Question

Arrange the following compounds according to increasing order of boiling points.
n-$C_4H_9OH$ (A), n-$C_4H_9NH_2$ (B), n-$C_4H_{10}$ (C) and $C_2H_5NHC_2H_5$ (D).

• A. (C)<(D)<(B)<(A)
• B. (C)<(B)<(D)<(A)
• C. (A)<(B)<(D)<(C)
• D. (D)<(C)<(B)<(A)

Hint:

Rank based on intermolecular forces: Alcohol (strongest H-bonds)>Primary Amine>Secondary Amine>Alkane (weakest forces).

Answer 1

The Correct Option is A

To determine the correct order of boiling points, we analyze the intermolecular forces present in each molecule:

1. Identify the types of forces:
- n-butane (C) is non-polar: Van der Waals forces only.
- n-butylamine (B) and diethylamine (D) are polar amines: Hydrogen bonding ($N-H \dots N$).
- n-butanol (A) is a polar alcohol: Strong hydrogen bonding ($O-H \dots O$).

2. Rank by force strength: Hydrogen bonds are much stronger than Van der Waals forces.
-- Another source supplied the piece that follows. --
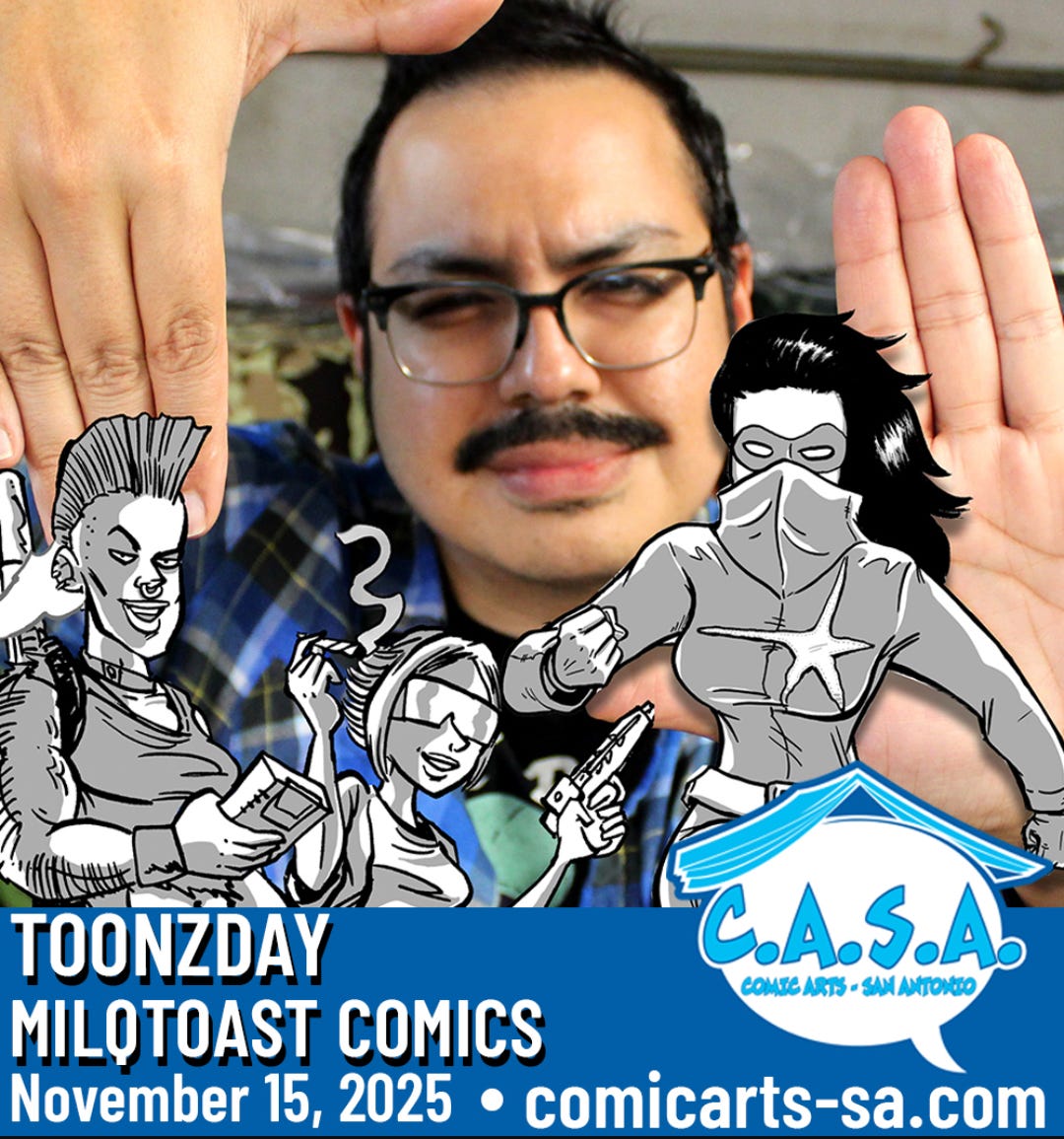 San Antonio, I’ll be back in your area November 15, 2025 for C.A.S.A. It’s a one day show that’s very comic-centric. Come by and snag the new print!
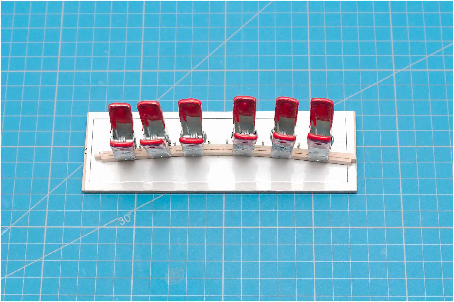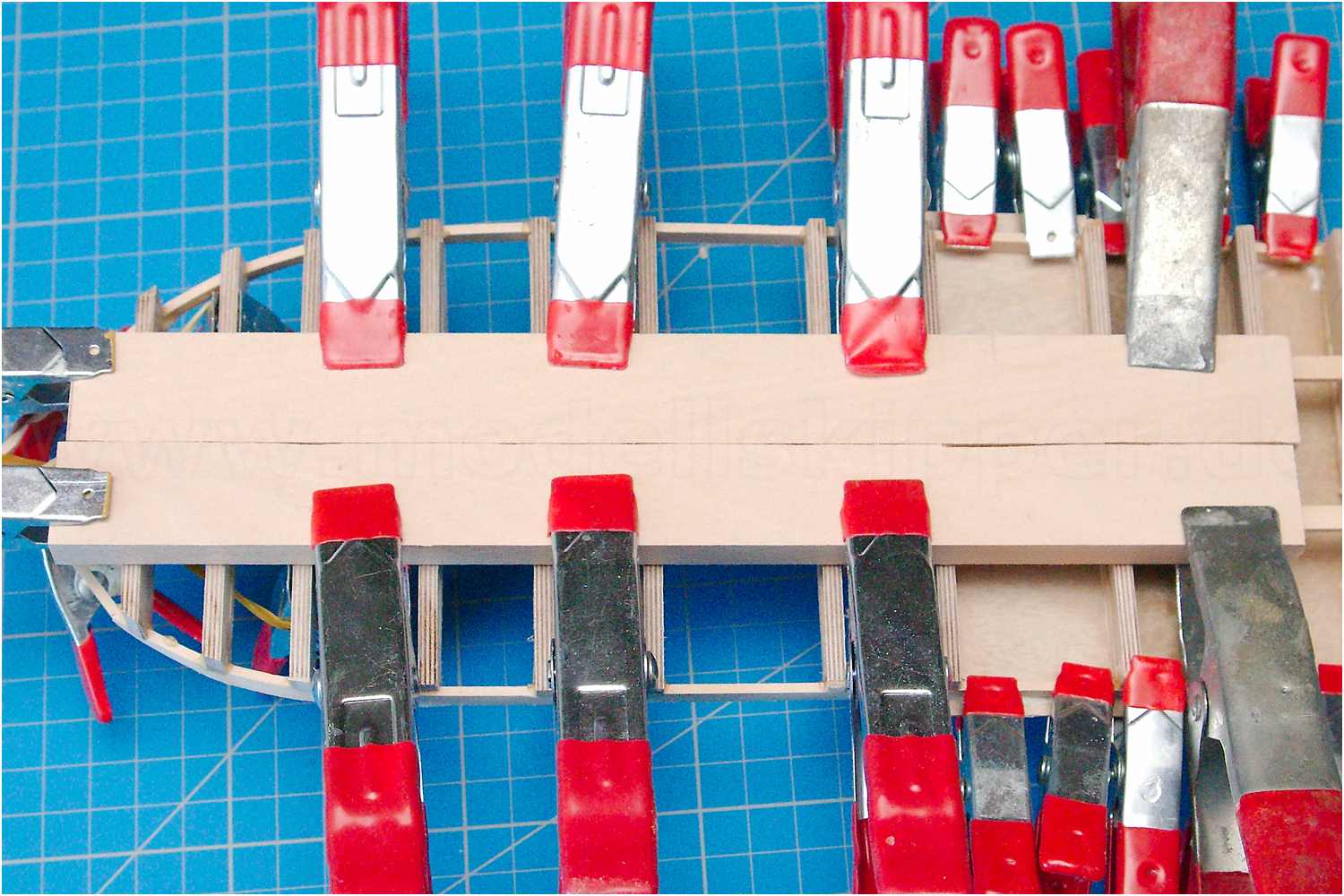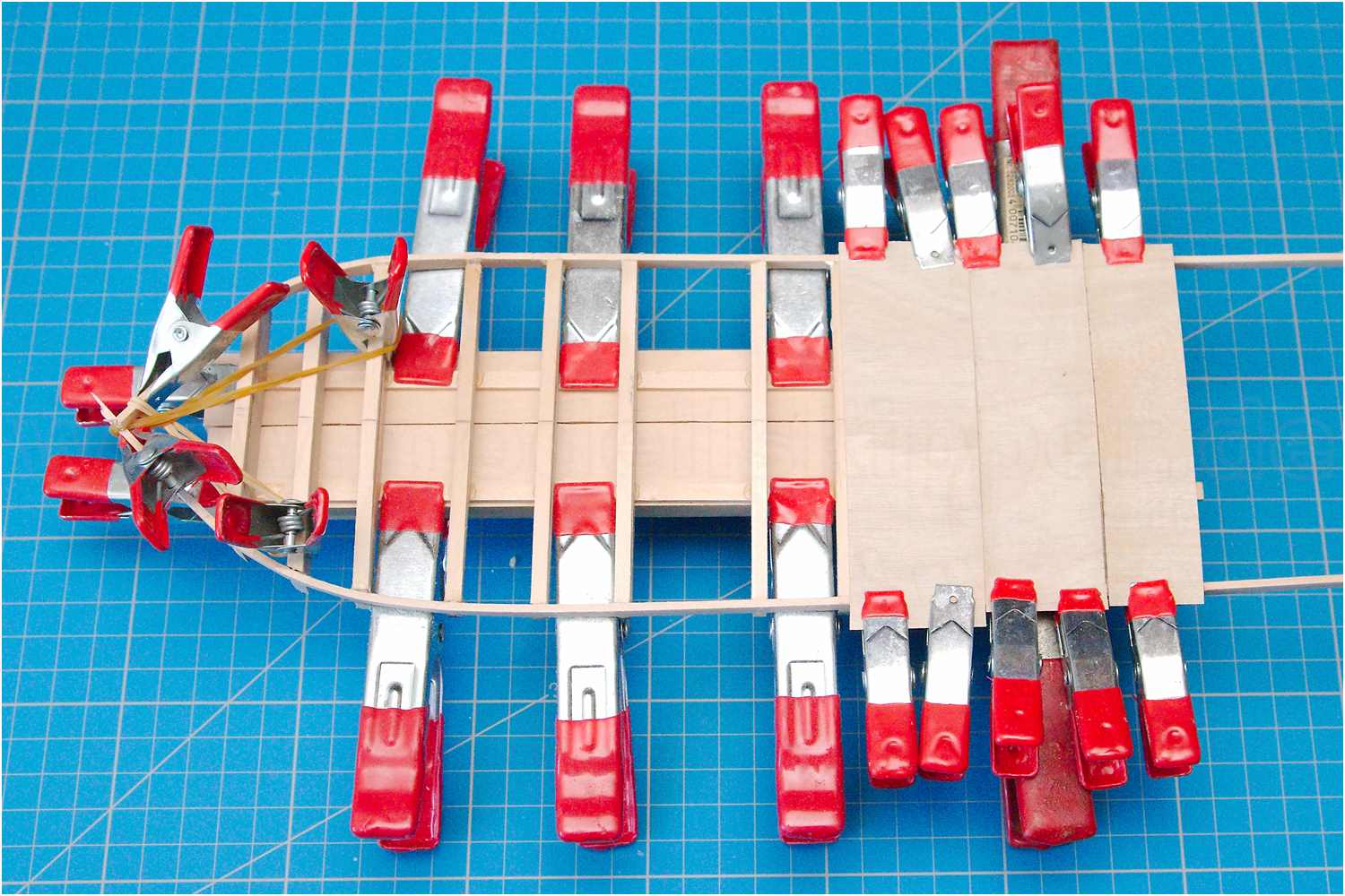 Man klebt die einzelnen Streifen über die Balkenabstände, und um dabei das Verziehen der Unterdeckskonstruktion zu vermeiden, fixiert man alles auf einer starke Holzleiste auf der Unterseite mit Klammern an den Stringern.

Therefore, the alkane (C) will have the lowest boiling point. Comparing $O-H$ and $N-H$, Oxygen is more electronegative than Nitrogen, making the hydrogen bonds in alcohol (A) stronger than those in amines (B and D). Thus, (A) will have the highest boiling point.

3. Compare the amines (B and D): Both have similar molecular weights. Primary amines like (B) have two N-H bonds and less steric hindrance, allowing for a higher degree of association than secondary amines like (D). Consequently, n-butylamine (B) has a higher boiling point than diethylamine (D).

The final sequence is: (C)<(D)<(B)<(A).